Besides steering the packet into the SR policy, the intent-based
routing mechanism can also be used to steer the traffic into the
underlay network slice to meet the specific intent or enforce policy
for other intents such as network measurement, security, etc. Since
the same intent can be satisfied by different solutions in the
different network domain, the intent-based routing also improve the
flexibility to satisfying the service requirement through the
combined solutions for the same intent.
2. Terminologies
The following terminologies are used in this document.
SR: Segment Routing
SRv6: Segment Routing over IPv6
3. Intent-based Routing
The Intent-based routing mechanism introduces the concept of intent
as the information carried in the data plane to represent the
specific service requirement for the destination on the network.

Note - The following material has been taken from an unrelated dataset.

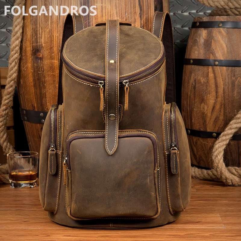 Home » backpack , hot product , travel » Best Brand Men Women Backpack 2018 Genuine Leather Designer Vintage Daypack Cowhide Barrel Shaped Travel

The
intent can be associated with a series of service attributes, such as
low latency and high bandwidth. The value can be allocated by the
administrator. The allocation of values of the intent in the
multiple domain must be consistent.
[I-D.ietf-spring-segment-routing-policy] defines the color used for
the SR policy. The color is a 32-bit numerical value that associates
the SR Policy with an intent (e.g. low-latency). There can be the
mapping as follows between the color and the intent. If the intent
and the color can be designed and allocated consistently, the value
of the color can be the same as that of the intent and the mapping
between the color and the intent can be saved in the data plane.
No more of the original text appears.